保湿剤だけで改善できることもあります。ある程度悪化している場合には、状態に合わせたステロイド軟膏塗布と保湿剤を使った治療を行います。2歳以上の場合は、免疫抑制剤が配合されたタクロリムス軟膏(プロトピック)の使用が可能です。ただしどちらの軟膏も正しい使い方をしないと十分な効果を得られません。正しい量や塗り方で軟膏の塗布ができるよう、当院では丁寧でわかりやすい指導を行っています。

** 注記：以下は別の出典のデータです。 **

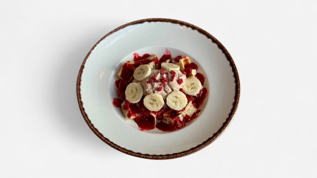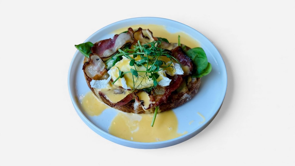 Tradičný chlieb vo vajičku, so slaninovým chipsom, tekutým cheddarom,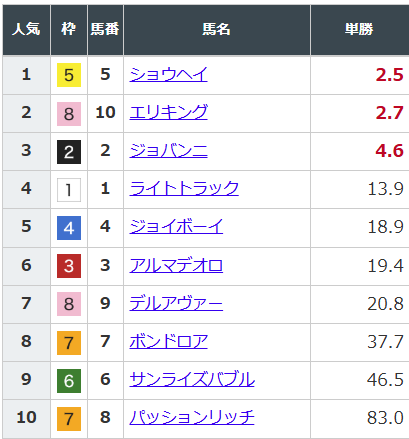 単勝オッズは以下のとおり。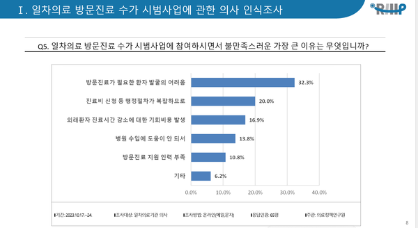 이어 홍보 부족으로 미리 알지 못해(17.9%), 방문진료 수가가 너무 낮아(15.3%), 방문진료를 지원할 인력이 부족해(13.9%) 등의 순으로 나타났다.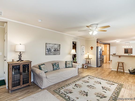 Amazing horse property located only ten (10) miles from downtown Cheyenne! This 2014 built modular is a rare find. The open floor plan joins the living, kitchen and dining areas for the perfect entertaining space. The kitchen includes a high-end stainless appliance suite with a gas range, large breakfast bar, and abundant cabinet space. The huge master includes a 5 piece bath and walk-in closet. Fenced pasture and loafing shed will please your critters. Immaculate condition!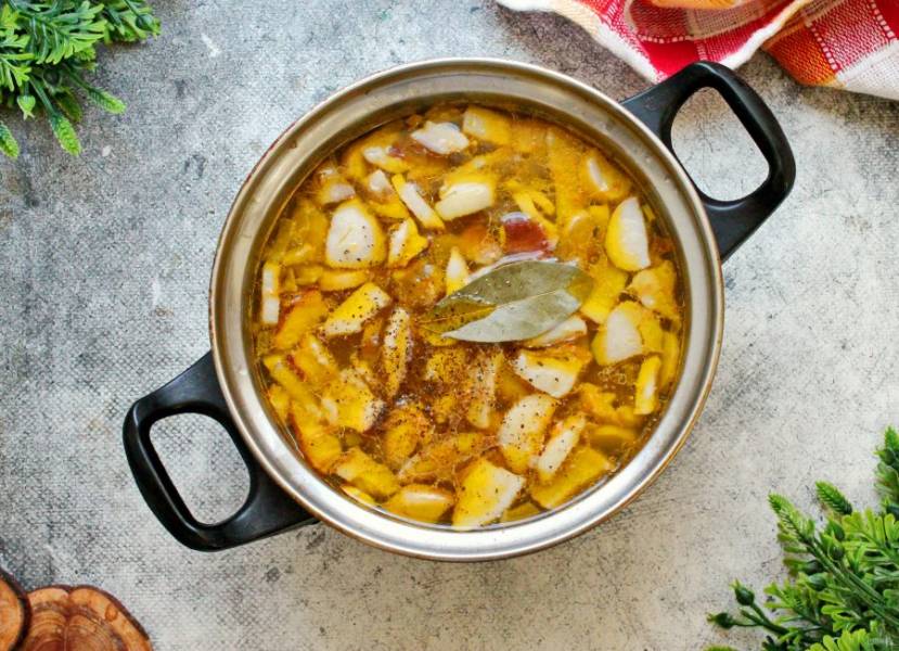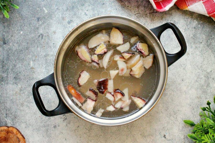 В кастрюлю налейте воду, поставьте на средний огонь и доведите до кипения. Воду посолите и выложите половину замороженных грибов. Варите все на среднем огне после закипания 15 минут, не накрывая крышкой.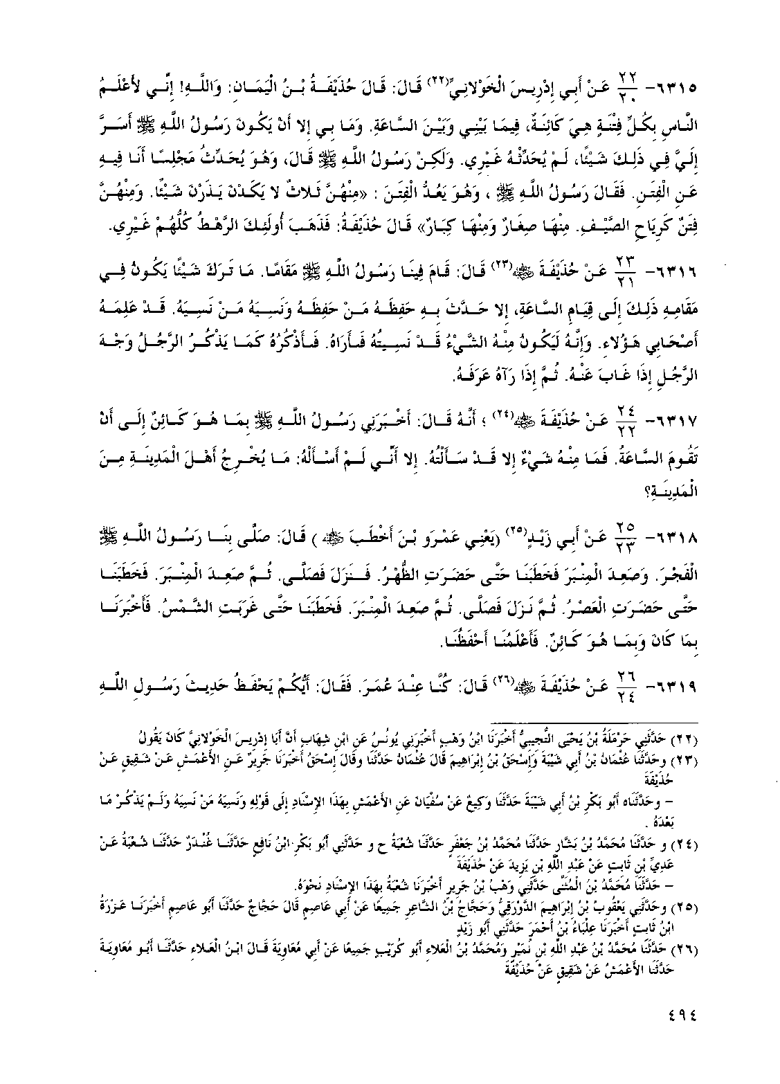 6315 - عن أبي إدريس الخولاني قال قال حذيفة بن اليمان والله إني لأعلم الناس بكل فتنة هي كائنة فيما بيني وبين الساعة وما بي إلا أن يكون رسول الله صلى الله عليه وسلم أسر إلي في ذلك شيئا لم يحدثه غيري ولكن رسول الله صلى الله عليه وسلم قال وهو يحدث مجلسا أنا فيه عن الفتن فقال رسول الله صلى الله عليه وسلم وهو يعد الفتن "منهن ثلاث لا يكدن يذرن شيئا ومنهن فتن كرياح الصيف منها صغار ومنها كبار" قال حذيفة فذهب أولئك الرهط كلهم غيري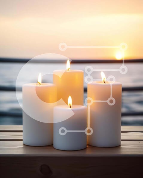 Υπάρχει δυνατότητα προσωποποίησης με δική σας φωτογραφία και προσαρμογής διαστάσεων κατόπιν παραγγελίας. Το συγεκεριμενο puzzle παρουσιαζει Η εικόνα παρουσιάζει τέσσερα λευκά κεριά που φωτίζονται στο ηλιοβασίλεμα σε ένα ξύλινο τραπέζι με τον ωκεανό στο φόντο. Τα κεριά είναι στρατηγικά τοποθετημένα για να προσφέρουν διάφορες γωνίες θέασης και προοπτικές. Ένα μοναδικό puzzle που συνδυάζει ποιότητα, αισθητική και εμ

上記の治療を正しく行うことで症状のコントロールが可能になり、湿疹のない肌に回復可能です。ただし表面上の症状が緩和しても、皮膚深部に炎症が残っている間は治療を継続する必要があります。医師の指導のもとで徐々に薬剤を減らすことで良好な皮膚状態を長く保てますし、これは再発を避けるためにも重要です。なお、深部の炎症が緩和しても保湿をしっかり行ってバリア機能を保つ必要があります。

ステロイドについて

ステロイドは怖いというイメージを持っている方がいます。ステロイドの内服薬と注射は確かに注意が必要な薬剤ですが、軟膏は比較的副作用の心配が少ない薬剤です。長期間使用で皮膚が薄くなる・ニキビができるといった局所的な副作用を生じる可能性がありますが、患者様の状態に合わせて塗布する日・塗布しない日を決める間欠投与を行うことでそうしたリスクを減らしています。状態を改善させるためには、量や塗る頻度などを状態に合わせてきめ細かく調整する必要があるため、定期的な受診も不可欠です。当院では安全性を最大限確保した上で状態を改善できる治療を心がけています。リスクや必要性についてもしっかりご説明していますので、気になることがありましたら何でも遠慮なくご質問ください。